External ChIP-seq data
To find KZFP ChIP-seqs performed by others, the programmatic access to GEO eSearch and eFetch functions were used (Barrett et al. 2013) to search and retrieve submissions containing any KZFP name but not the keywords “RNA” or “H3K”. The resulting hits were then manually curated using the GEOquery (https://bioconductor.org/packages/GEOquery/) R package (R Core Team 2022) in order to get BED files from ChIP-seq experiments. Peaks not called on hg19 were lifted over to hg19 using liftOver from rtracklayer (https://bioconductor.org/packages/rtracklayer/) and chain files from UCSC (Haeussler et al. 2019).
Enrichment on repeats
Repeat enrichment analyses from ChIP data were performed using pyTEnrich (https://alexdray86.github.io/pyTEnrich).

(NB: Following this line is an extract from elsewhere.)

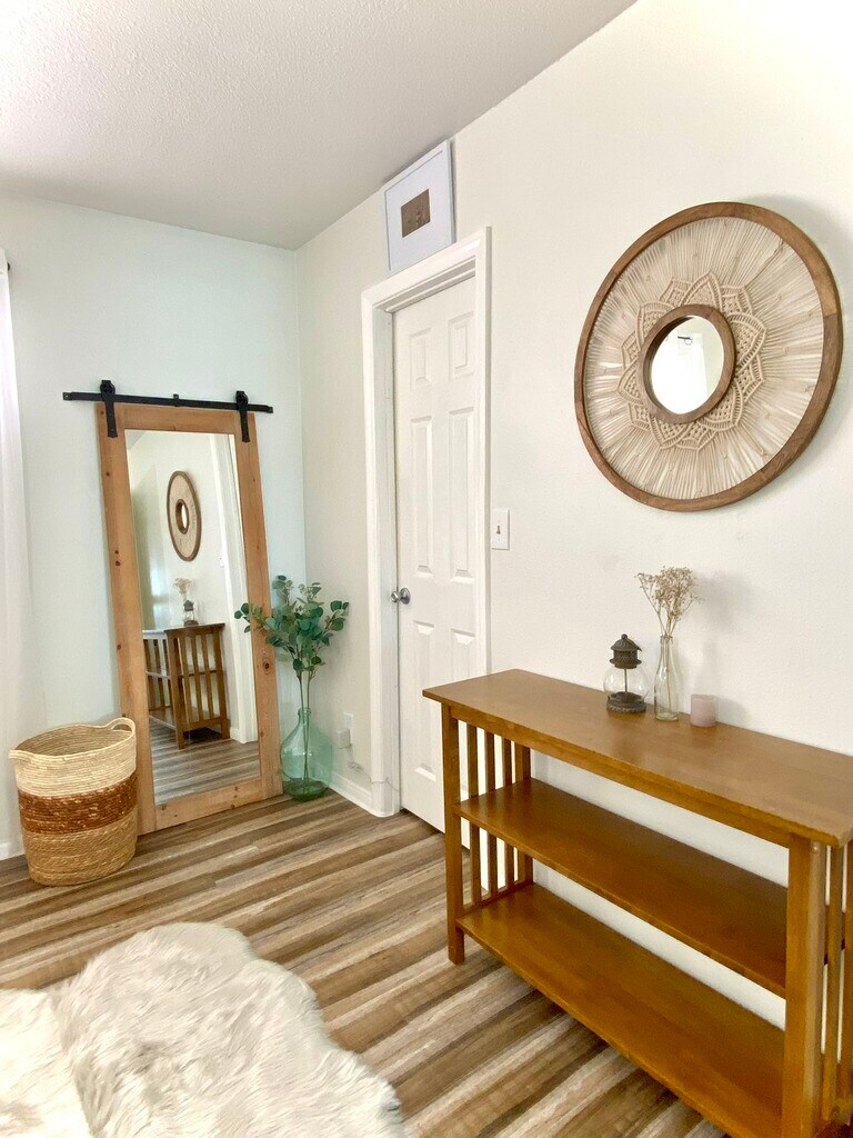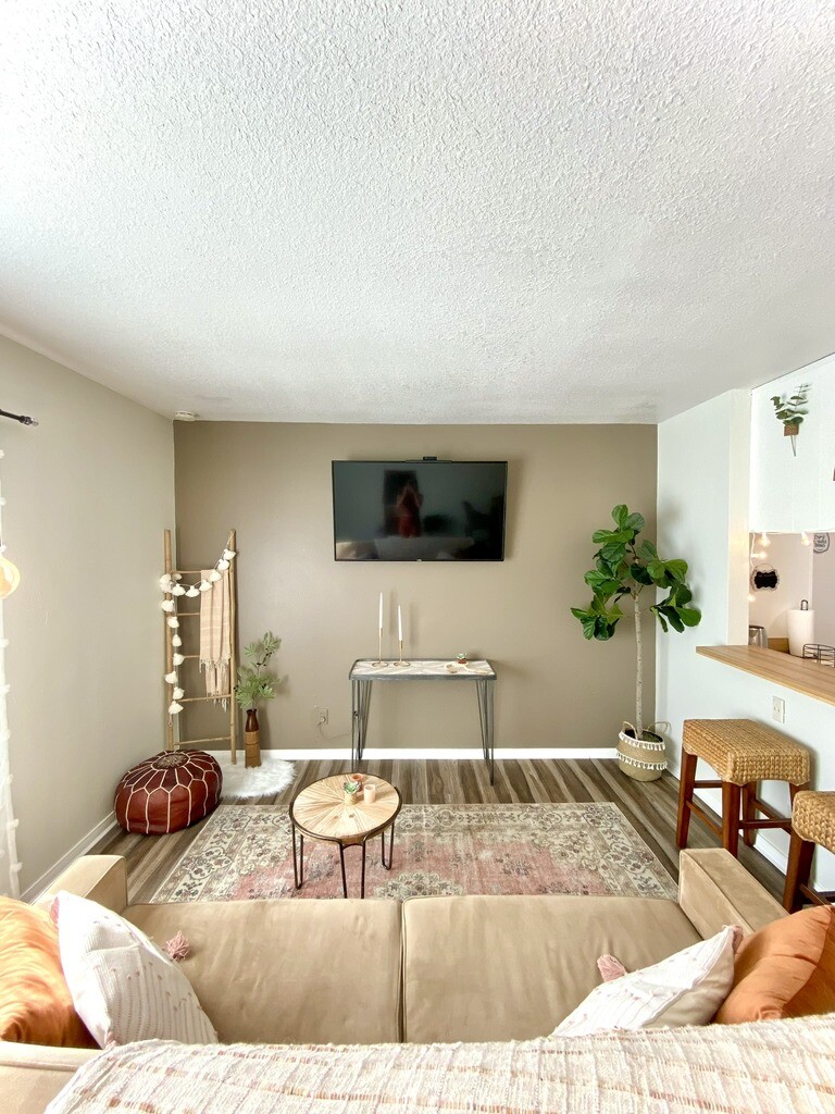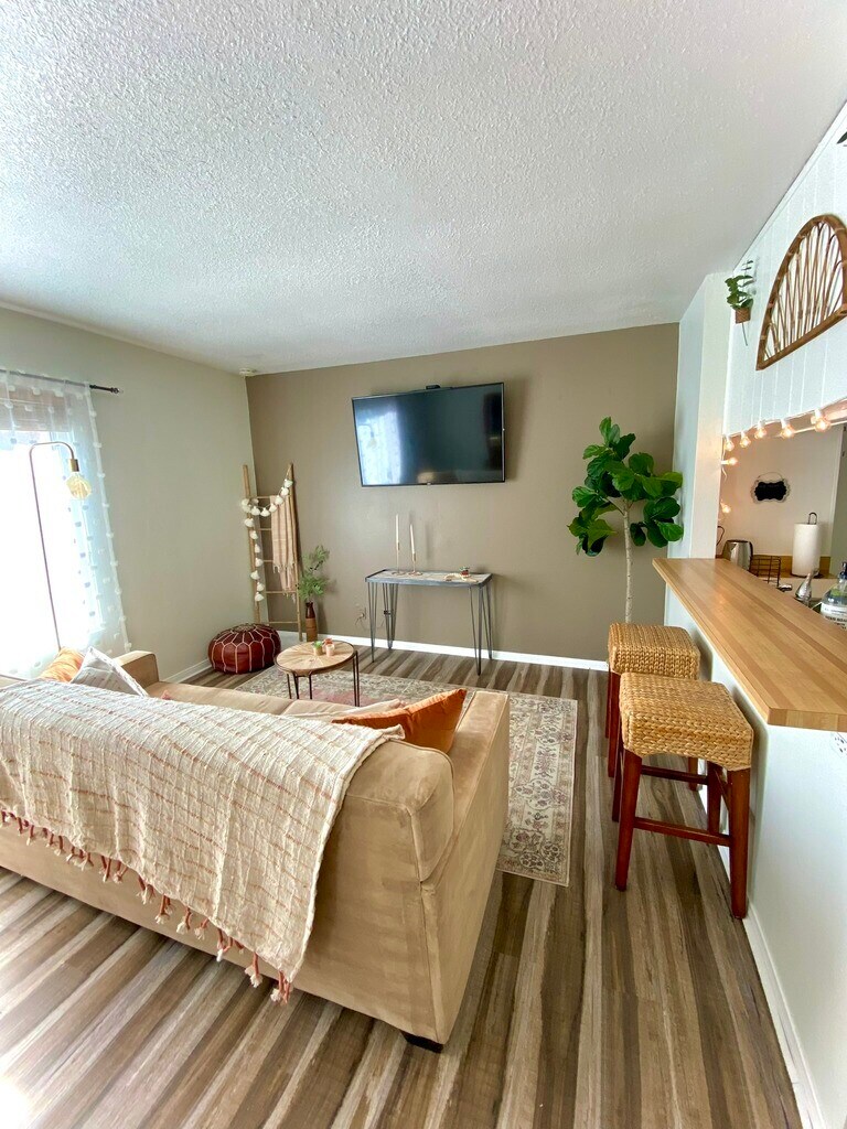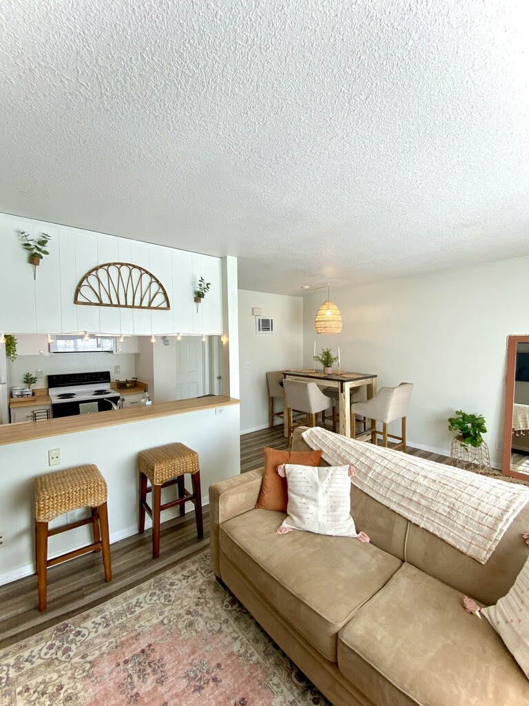 Boho luxurious onebedroom apartment in gated community with private bathroom. Kitchen with fridge microwave range. Dining table with 4 chairs. Wifi. Pull out couch with queen mattress. Flat screen tv w Apple TV. Near downtown, beaches, walking distance from grocery stores and restaurants. Air conditioning heating. Peaceful, quiet county atmosphere, urban setting, central to stay in our luxurious Boho style apartment in Normal Heights, AKA the heart of San Diego Our spacious 1bedroom condo with wifi and AC features all the amenities youll need and FREE PARKINGPrivate Condo Gated community Free WiFi FULL KITCHEN electric kettle, toaster more Full bathroom with bathtub Bedroom with Full XL memory foam mattress Living room with TV, pull out couch and deskdining table Complimentary coffeetea sugarPowered by

Repeat annotations were obtained from UCSC (http://hgdownload.soe.ucsc.edu/goldenPath/hg19/database/rmsk.txt.gz). As the entire genome was not mappable in the experiments, the size of the mappable genome specific to these ChIP experiments needed to be calculated to accurately estimate the null hypothesis of how many times a peak would overlap a repeat by chance. To do so, regions with zero coverage were identified for all ChIP-seq and ChIP-exo using BEDTools genomcov (Quinlan and Hall 2010), merging regions with <100 bp distance to reduce computational load. The resulting files were combined using BEDTools intersect (Quinlan and Hall 2010) to generate a single set of regions which have zero coverage across all experiments. These regions were then filtered to be bigger than 40 kb to reduce computational load as the influence of smaller regions on enrichments were negligible. The resulting zero coverage regions as well as the Y Chromosome, which is absent in HEK293T cells, were removed from the reference genome by pyTEnrich to generate more accurate statistics for the enrichments. Enrichments with FDR < 0.05 are considered significant. To normalize FDR between experiments −log10(FDR) were divided by their maximum yielding a scale from 0 to 1 or least to most enriched, values above 0.9 on this scale are considered primary targets.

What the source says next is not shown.